Das ein Teich mit 80cm tiefe nicht unbedingt eine stabile Temperaturschichtung aufweist steht ausser Frage, wobei die Pumpenhersteller ab 60cm Tiefe vom Frostfrei sprechen und man die Pumpen drinnen lassen kann...

Ich denke mal das der Fisch einfach nicht genug Nahrung bekommen hat, oder eines natürlichen todes gestorben ist.
Zumal der Teich ja 3 Graskarpfen ernähren muss, was ohne zufütterm bei 12m³ wohl nicht möglich ist.
Halten Graskarpfen Winterruhe ?

Axel


----------



## chromis (7. Feb. 2008)

*AW:  Graskarpfen tot - nicht winterhart genug?*

Hallo,



> Vielleicht sind die Graskarpfen auch nur wasserwertemäßig empfindlicher als Goldi und Co.?


klar sind diese Tiere wesentlich temperaturempfindlicher. 
Es ist keine einheimische Art und vermehrt sich bei uns(zum Glück) auch nicht aufgrund zu niedriger Temperaturen im Sommer. Dass solche Tiere in einem 80cm Teich im Winter Probleme bekommen, wundert mich nicht.

Zudem würde ich im Winter auch keine große Unruhe in den Teich bringen, wie durch das Abfischen von Fadenalgen.
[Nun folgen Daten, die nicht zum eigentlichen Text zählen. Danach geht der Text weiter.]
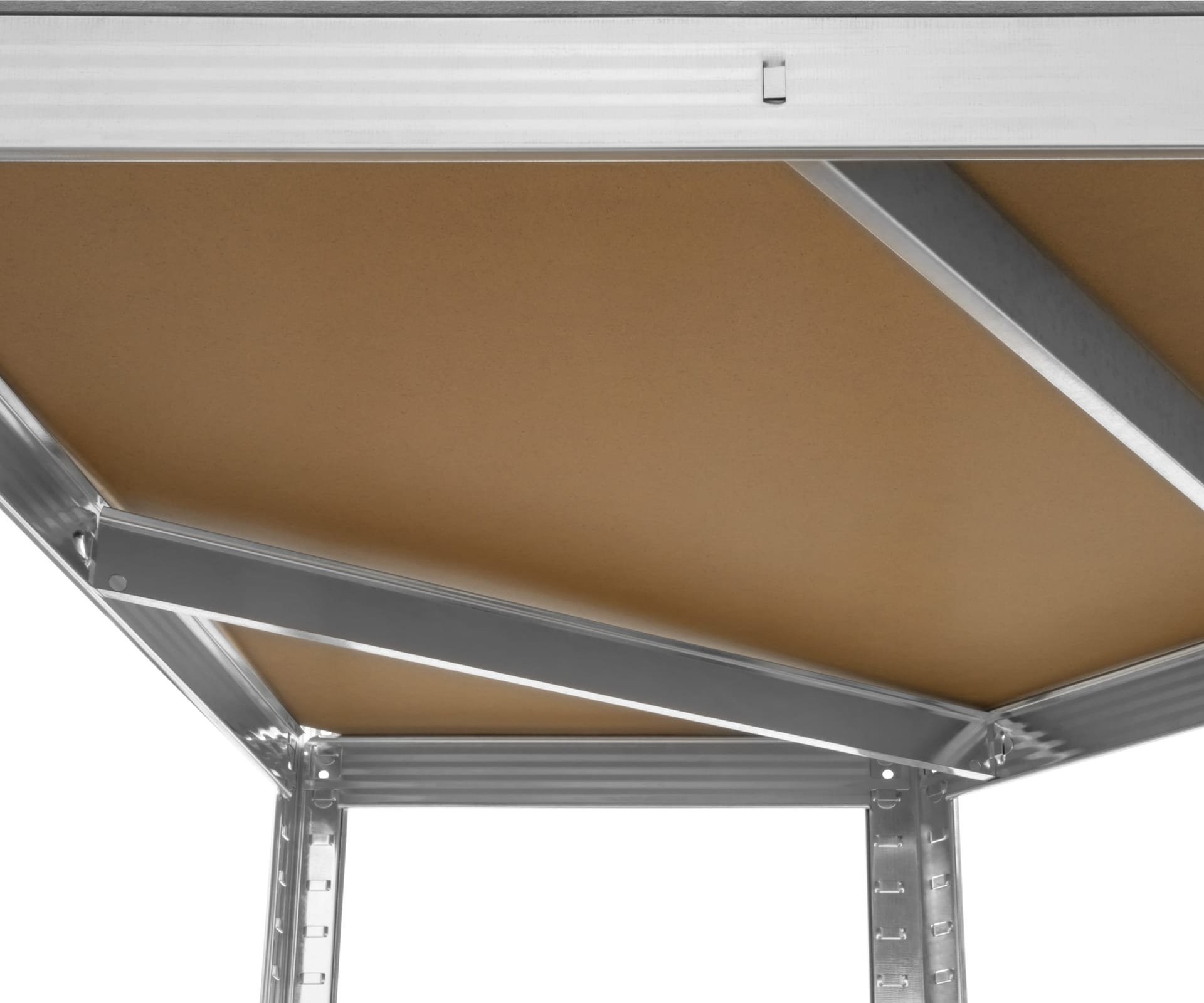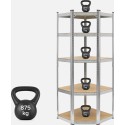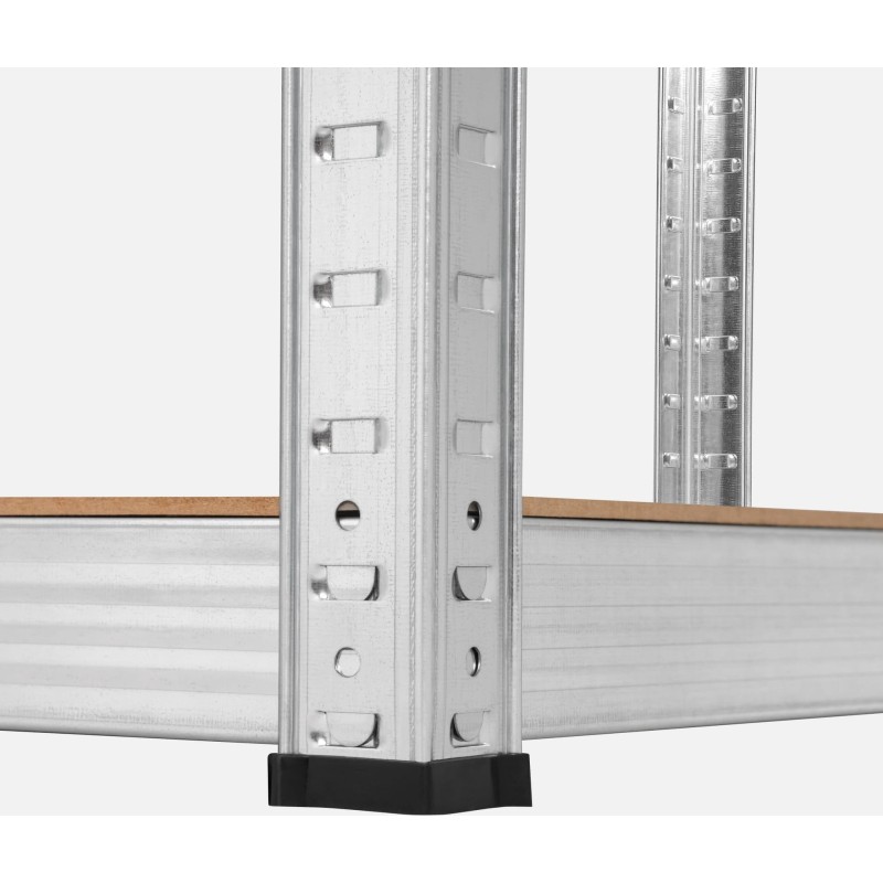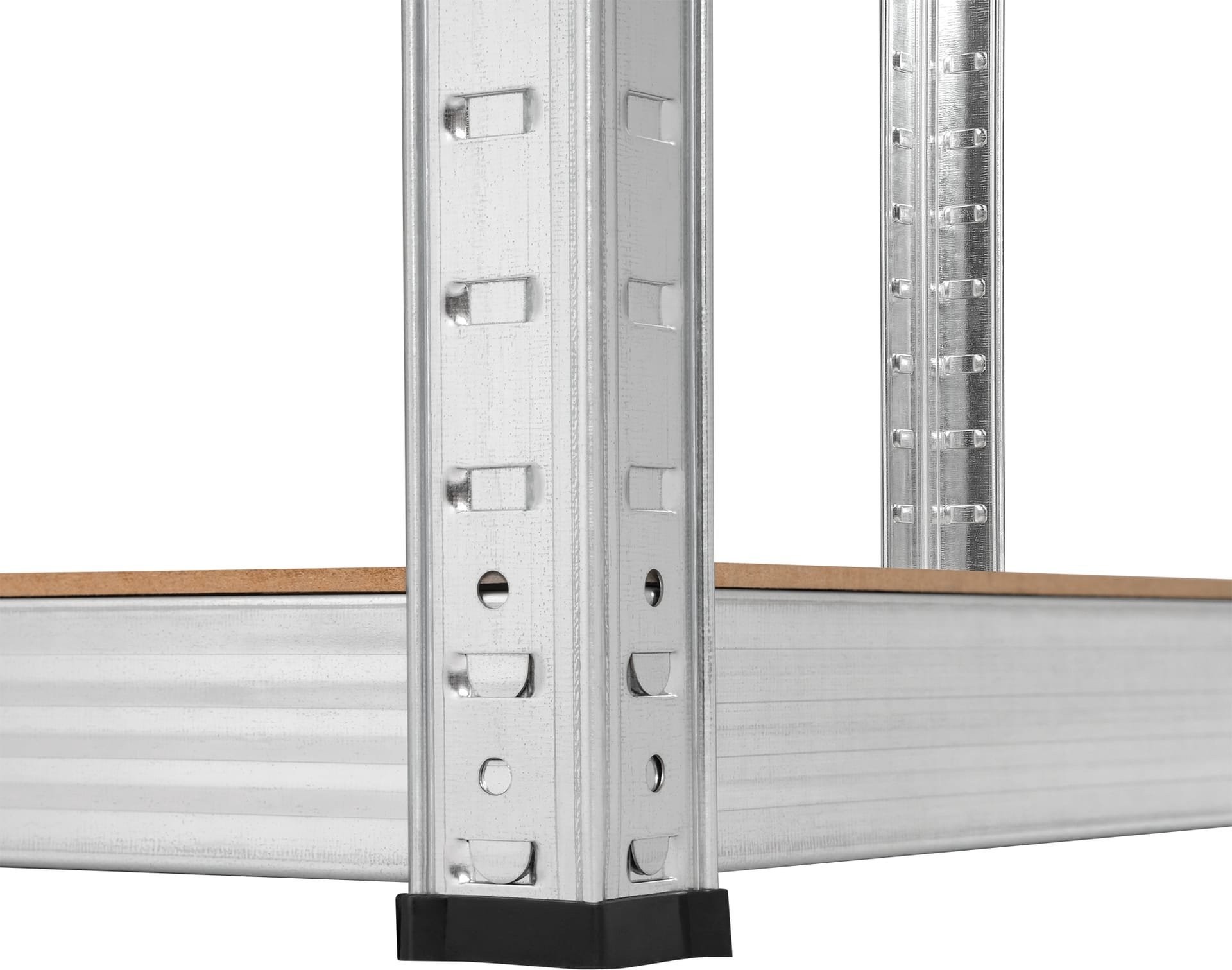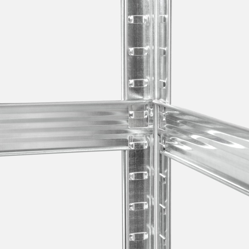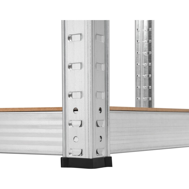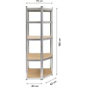 Wymiary: 40 x 43.43 x 40 x 70 x 70 x 180 cmLiczba półek: 5 szt.Półki z płyty MDFWsporniki środkowe półekProfile galwanizowaneGrubość profili: 0,5 mmNakładki ochronne w zestawie 8 szt.Maksymalne obciążenie półki: 175 kg (przy równomiernym obciążeniu)Maksymalne obciążenie łączne: 875 kgSposób montażu: bezśrubowy (na wcisk)Regał należy przytwierdzić do ścianyKolor: srebrny ocynk
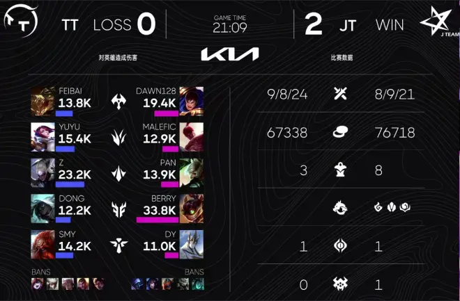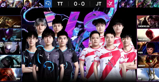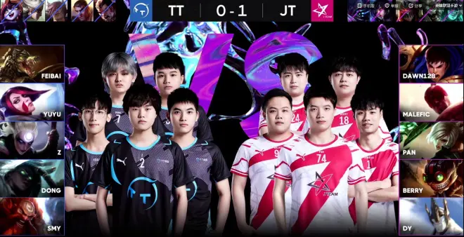 先输一局的TT,在第二局背水一战,在前18分钟打得非常出色,一度经济和人头数都领先于JT。但是排名第二的JT,相较于TT,在面对逆风局的经验上要更胜一筹。在逆风局的时候,JT耐心和TT拉扯,并伺机寻找机会。终于在18分钟左右的小龙团时找到了机会,JT在盖伦被击杀的情况,破釜沉舟的接团,随后打出1换3,并收下双龙;21分09秒,JT携大龙BUFF,一举推上TT高地,以2:0的成绩拿下了本场比赛的胜利!
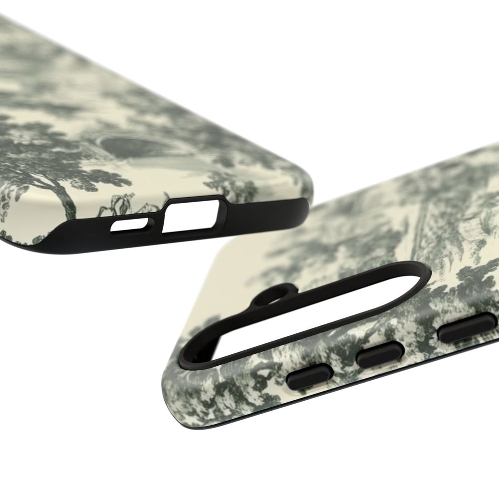 Dit telefoonhoesje is voorzien van een klassiek toile-patroon met gedetailleerde taferelen uit het landelijke leven in groen op een crèmekleurige achtergrond. U ziet onder andere bomen, bruggen, fonteinen, paarden en mensen in historische kleding die verschillende activiteiten uitvoeren. Het patroon is verfijnd en heeft een vintage uitstraling, wat zorgt voor een tijdloze look. Het hoesje bestaat uit twee lagen van polycarbonaat en TPU, waardoor het extra stevig is en geschikt voor draadloos opladen.

Hierdurch werden Fische und Amphibien teilweise in der Winterruhe gestört und nur unnötig aufgeschreckt.

Gruß
Rainer


----------



## Knoblauchkröte (8. Feb. 2008)

*AW:  Graskarpfen tot - nicht winterhart genug?*

Hi Axel,

es ist schon geregelt wann man bei einem Gewässer von einem See, Teich, Weiher oder Pfütze spricht. Einen Gewässertyp "Gartenteich" gibt es gar nicht (Teiche sind rein künstliche Gewässer in denen der Wasserstand mit einem Mönch geregelt werden kann - hat kein Gartenteich:crazy ) der fällt unter die Kategorie "Klein"Weiher oder Tümpel (die kleinen Plastewannen ) Gewässer die unter 60cm liegen sind Tümpel (aufgrund geringer Tiefe bei extremen Sommertemperaturen gelegentliches Austrocken möglich, immer stark schwankende Wasserstände), Pfützen sind rein periodische Gewässer die immer wieder austrocknen. 
Seen sind Gewässer in denen sich eine stabile Wasserschichtung aufbauen kann die nur selten mal gestört wird - so ab 8m Tiefe (Sprungschicht), im flacheren Gewässern kann sich eine stabile Temperaturschichtung nicht aufbauen da sie z.B bei stärkerem Wind umgewälzt wird.

MfG Frank


----------



## patty4 (11. Feb. 2008)

*AW:  Graskarpfen tot - nicht winterhart genug?*

Ups - Hallo!

Ich hätte ja nicht gedacht, dass das Thema solche Wellen hier schlägt...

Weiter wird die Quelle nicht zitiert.